La cloche de détresse, de Sylvia Plath, que je serais bien incapable de relire aujourd'hui, et sur lequel j'avais fait un article rempli de virgules mal placées. C'est un beau livre, qui avait tombé pile dans ma vie, avec une écriture juste et ironique. Il a été en quelque sorte un moteur.
Nefertiti dans un champs de canne à sucre, de Phillipe Janaeda, qui est tombé pile lui aussi. C'était une histoire asphyxiante et belle dans laquelle je me suis sentie comme glisser, le personnage principal me ressemblait beaucoup et il m'avait été offert par quelqu'un à qui je tiens.
La femme comestible, de Margaret Atwood. Je n'ai jamais trop supporté les autres livres que j'ai lu d'elle, mais celui-là ! C'est son premier. L'histoire en tant que telle est une des plus formidables que je n'ai jamais lu, écriture par une autre elle aurait été ridicule, mais Atwood la rend juste grandiose. Atwood est un génie du sarcasme et des détails ridicules qui prennent une ampleur poignante, si j'avais un livre à faire lire à quelqu'un, je crois que ce serait celui-là. Je le relis souvent et je ne suis jamais déçue.
Et j'ai entendu les vieux dragons battre sous la peau, Dany Boudreault. Tiens, un auteur masculin

. Le premier receuil de poèmes d'un jeune étudiant en théâtre montréalais, touchant, lyrique et drôle, c'est juste 'beau', j'ai apprit des strophes par coeur sans faire exprès alors que j'ai une mémoire de poisson et que je ne retiens pas mon numéro de téléphone :
je glousse, je glousse par défaut, il n'y a pas d'autres cris disponibles.

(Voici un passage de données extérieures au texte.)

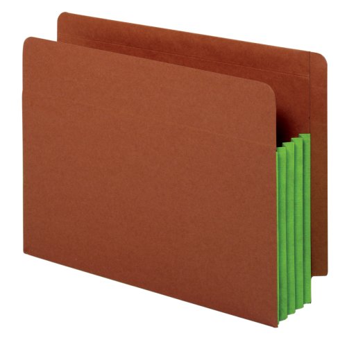 Globe-Weis End Tab File Pockets, 3.5-Inch Expansion, Green Tyvek Gussets, Brown Cover, Letter Size, 10 Pockets Per Box (63680GW)
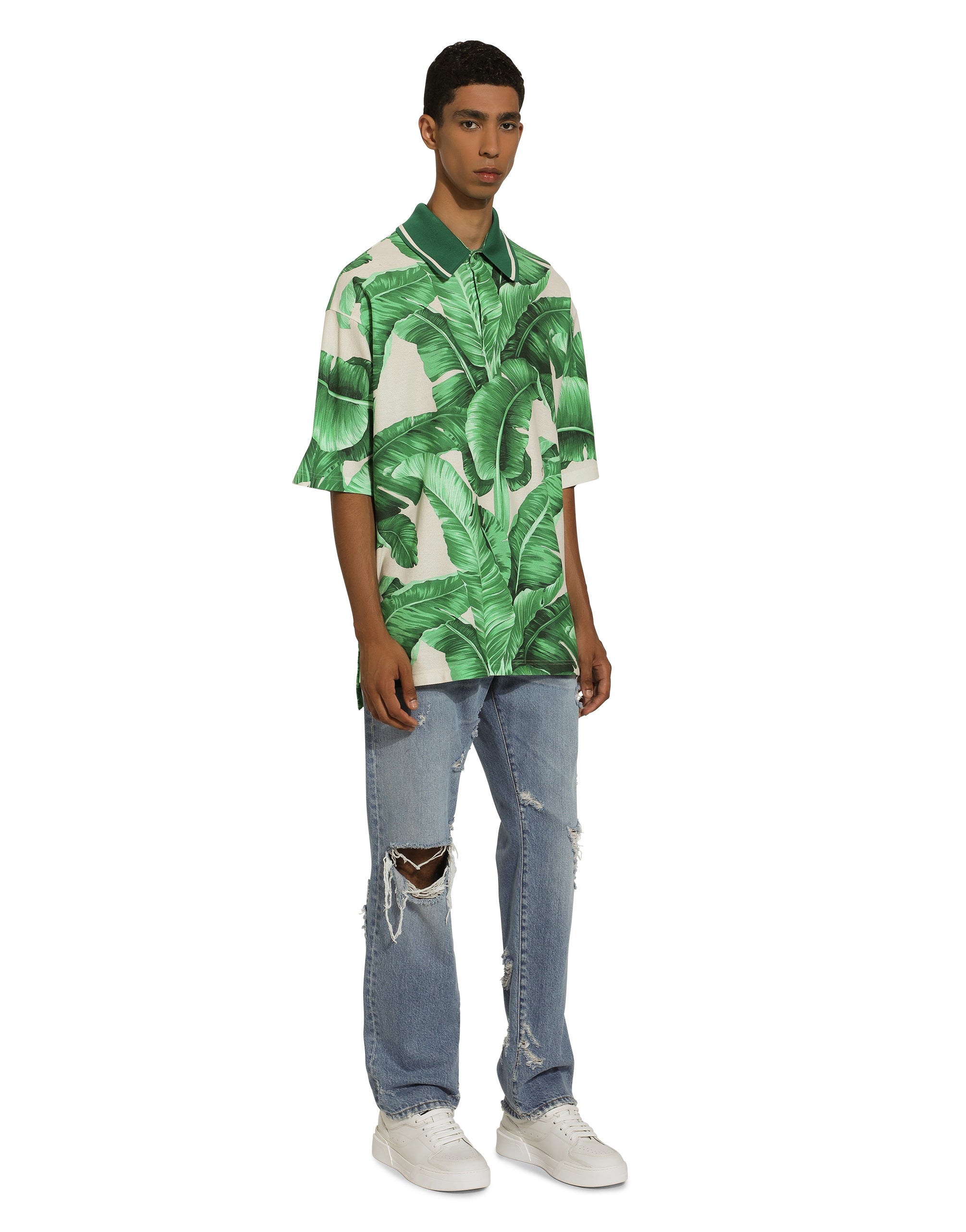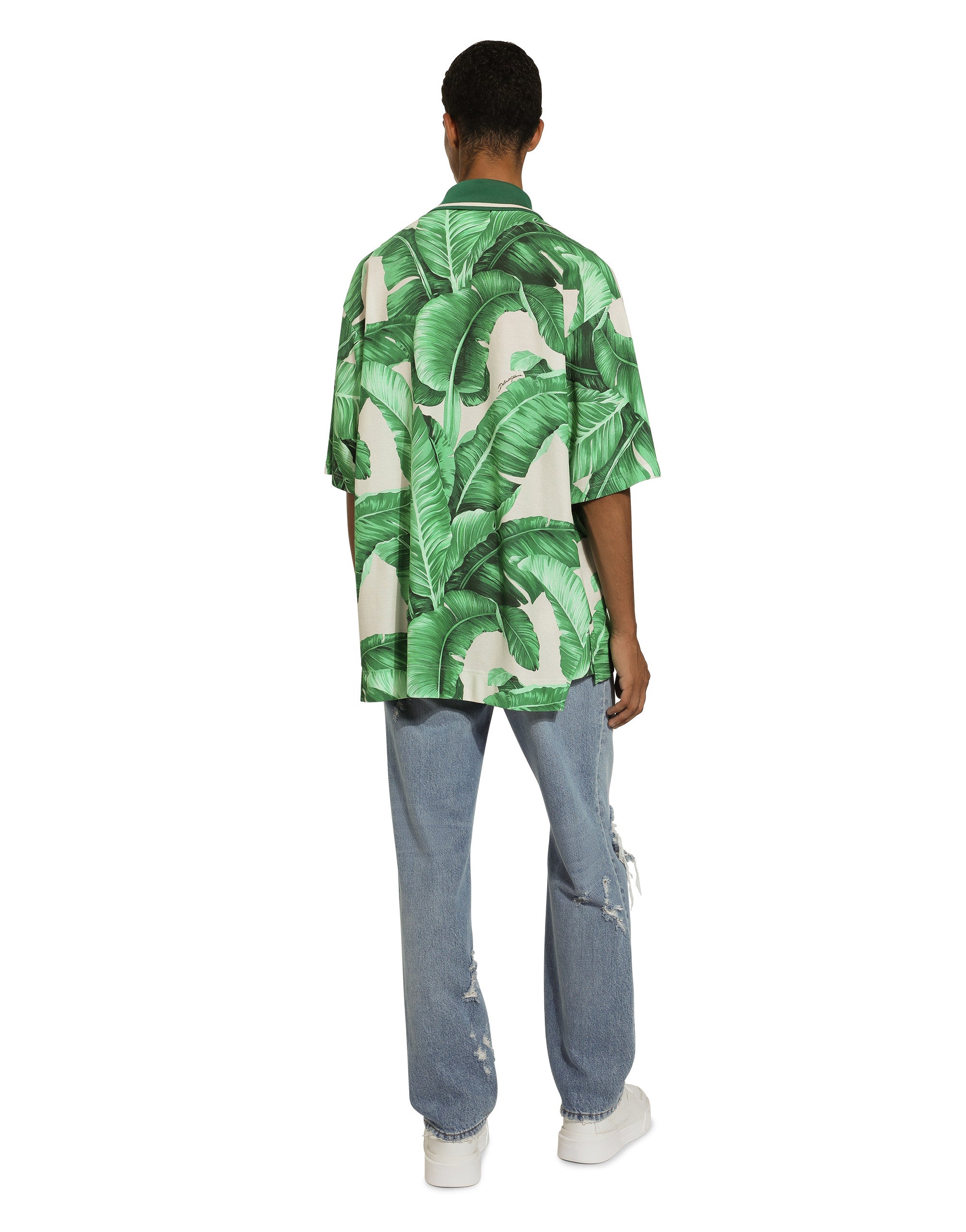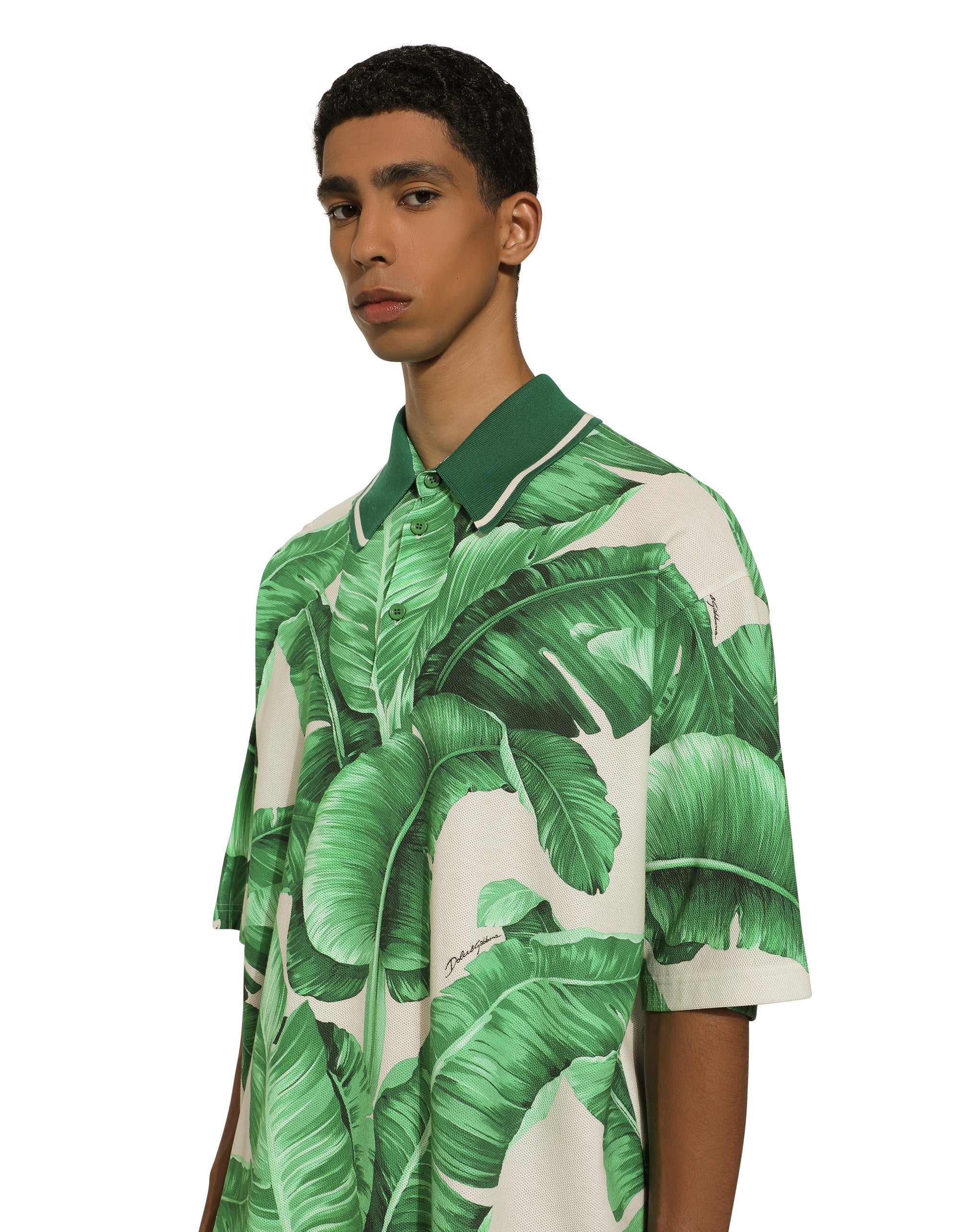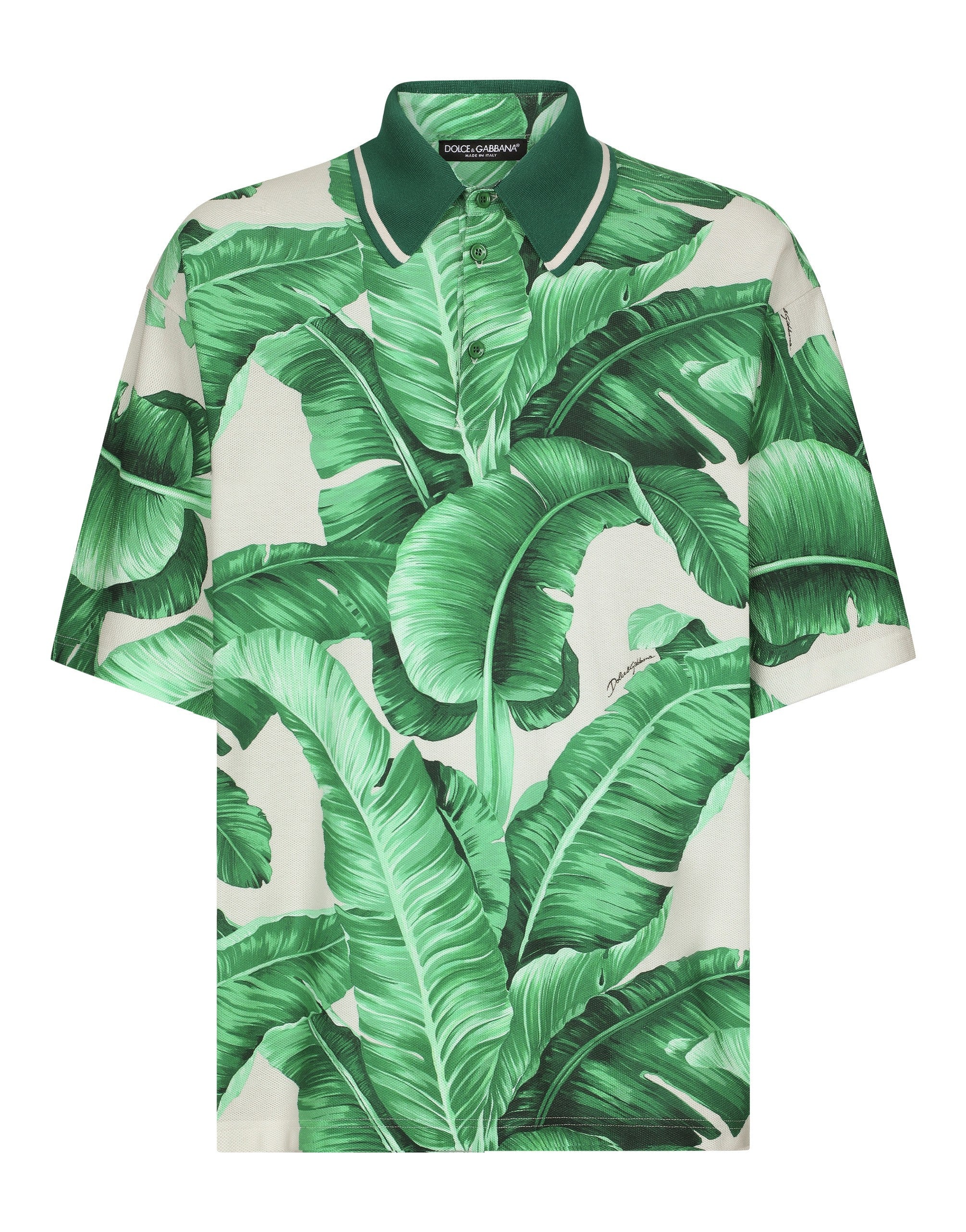 The Banano collection immerses us in the beauty of nature and, thanks to its vibrant colors, transports us to tropical cities, distinguished by Art Deco villas and lush gardens. Vintage 1940s graphics, fabrics and special volumes for the stylish man who loves to tell his story through the craftsmanship, beauty and originality of his chosen garments. This is how the designers recount a fantastic place, the tropics, a magical locale where you can dream, where nature spoils us with its unique colors. Cotton polo-shirt with piqué banana tree print: • Multi-colored • Oversize fit • Button fastenings • Long sleeves • The piece measures 78 cm from the shoulder seam on a size IT 48 • Made in Italy The difference in the print placement that you may find on this product is a feature of Dolce&Gabbana’s “Handmade” pieces. A detail that makes every garment or accessory unique and exclusive.

Putain, Nelly Arcand. Au-delà du personnage de bimbo qu'elle incarne, je suis folle de l'écriture de Nelly Arcand. Les phrases sont fouillées, longues et s'enroulent autour d'elles-même, c'est complètement aliénant et étouffant, je pense toujours à ses livres ou ses nouvelles des jours après les avoir terminés.
Putain plutôt que
Folle parce que je le trouve beaucoup plus abouti.
L'attrape-coeur de Salinger, parce que je suis une
phonie, et que j'aime bien les histoires d'errance et que dans le genre c'est mon favori.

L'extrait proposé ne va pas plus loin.